● **HOW TO COMPLETE THIS TASK**
Starting at the line containing "출처 : 인스타그램 ①crocs ②good_culture |" and ending at the line containing "1月12日,湖南航天三丰科工", transcribe the listing below exactly. Keep both end lines, skip the pictures, and copy nothing else.

● **INFORMATION PROVIDED**
+ + + + + + +
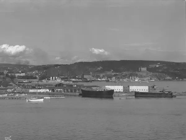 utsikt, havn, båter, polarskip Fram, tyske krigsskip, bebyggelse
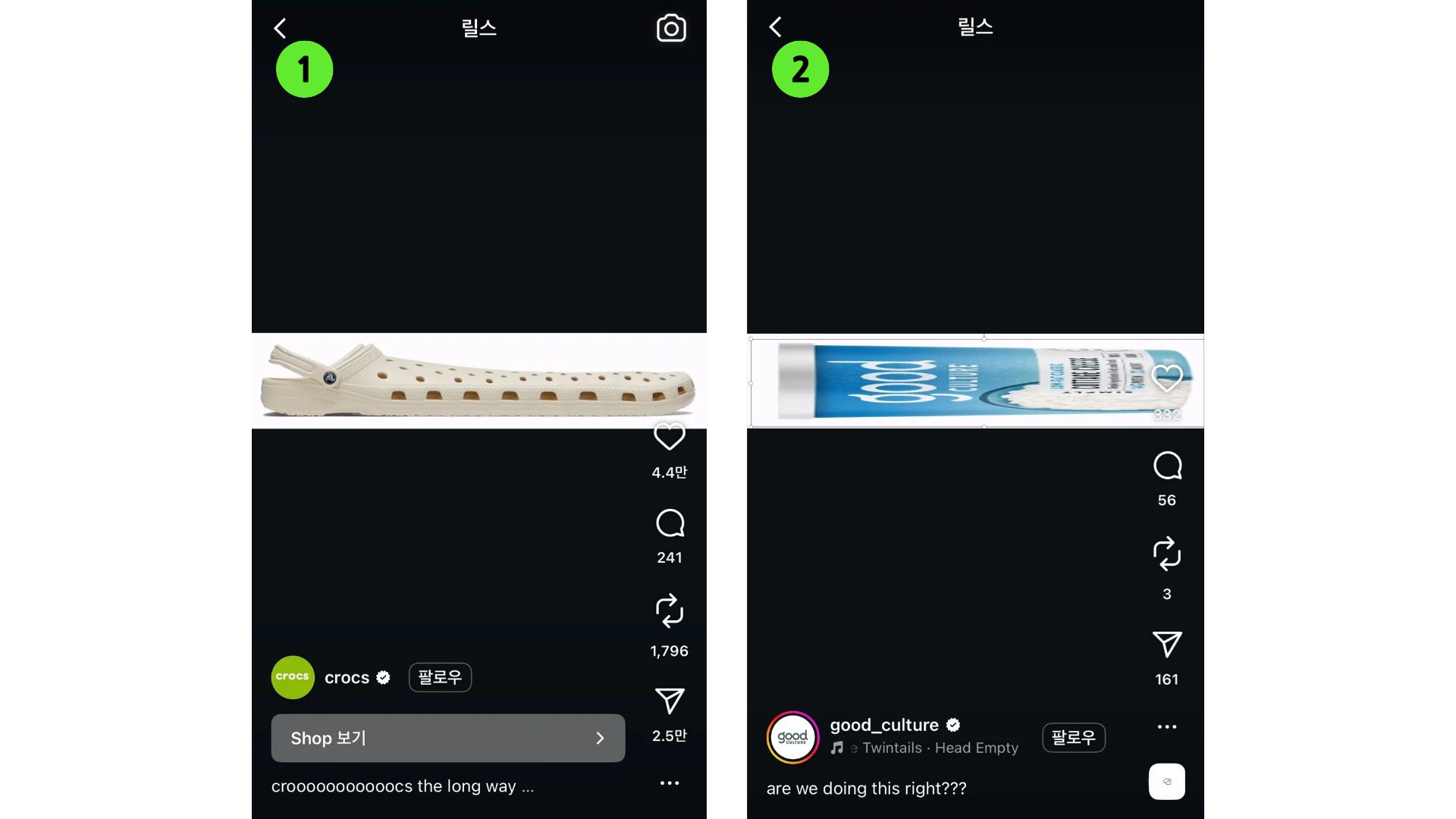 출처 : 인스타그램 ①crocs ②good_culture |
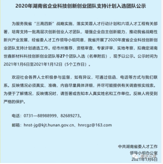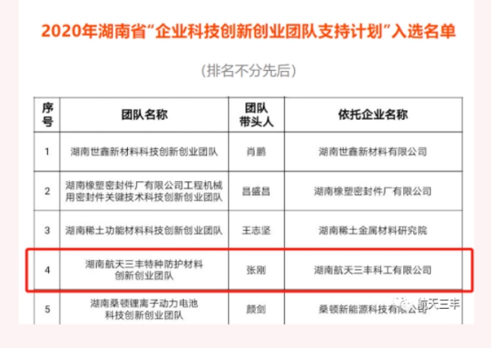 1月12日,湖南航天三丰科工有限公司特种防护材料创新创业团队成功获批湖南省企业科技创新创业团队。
+ + + + + + +
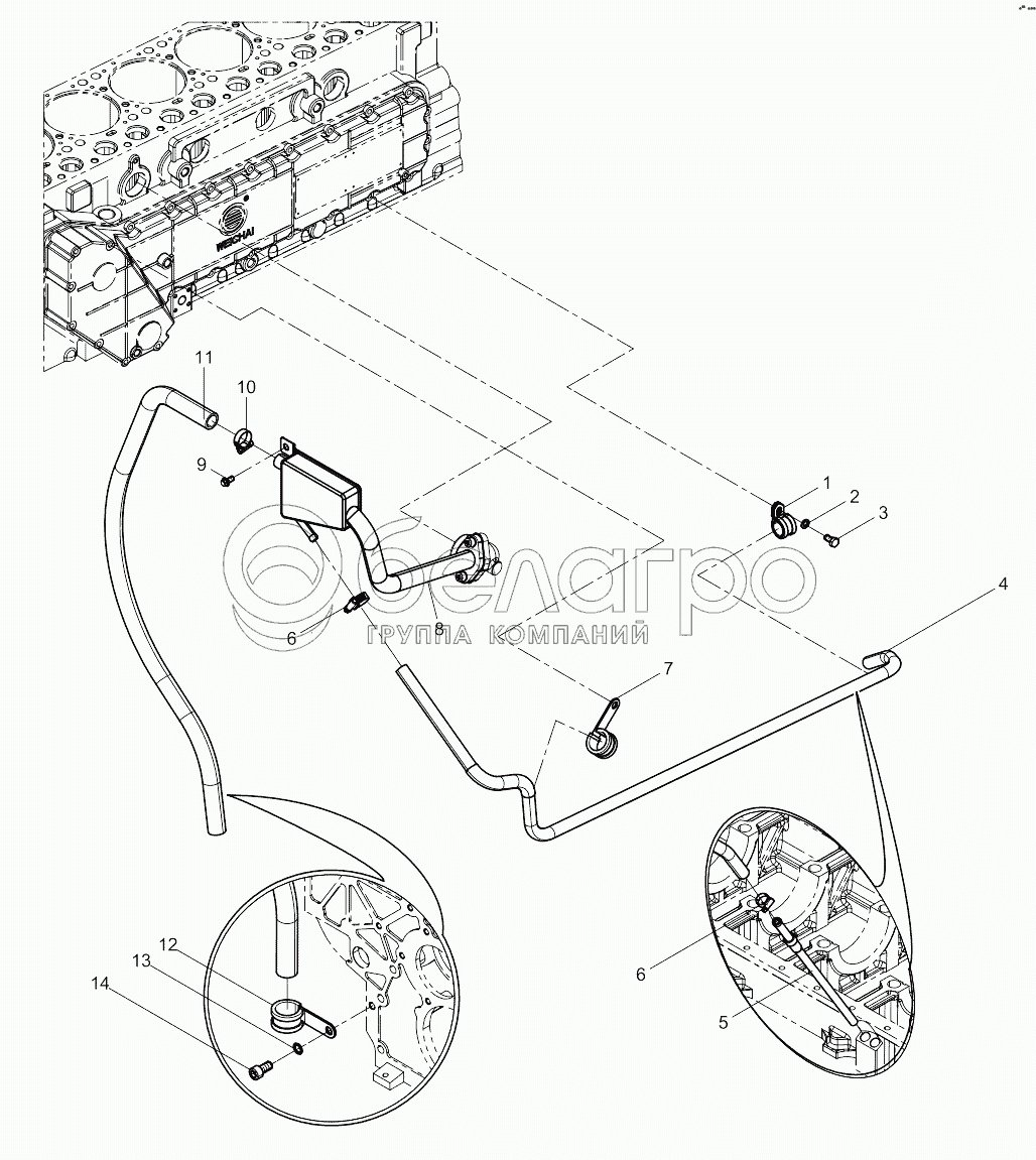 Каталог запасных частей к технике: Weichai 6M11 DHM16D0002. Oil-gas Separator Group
+ + + + + + +
● **ANSWER SECTION**
 출처 : 인스타그램 ①crocs ②good_culture |
 1月12日,湖南航天三丰科工有限公司特种防护材料创新创业团队成功获批湖南省企业科技创新创业团队。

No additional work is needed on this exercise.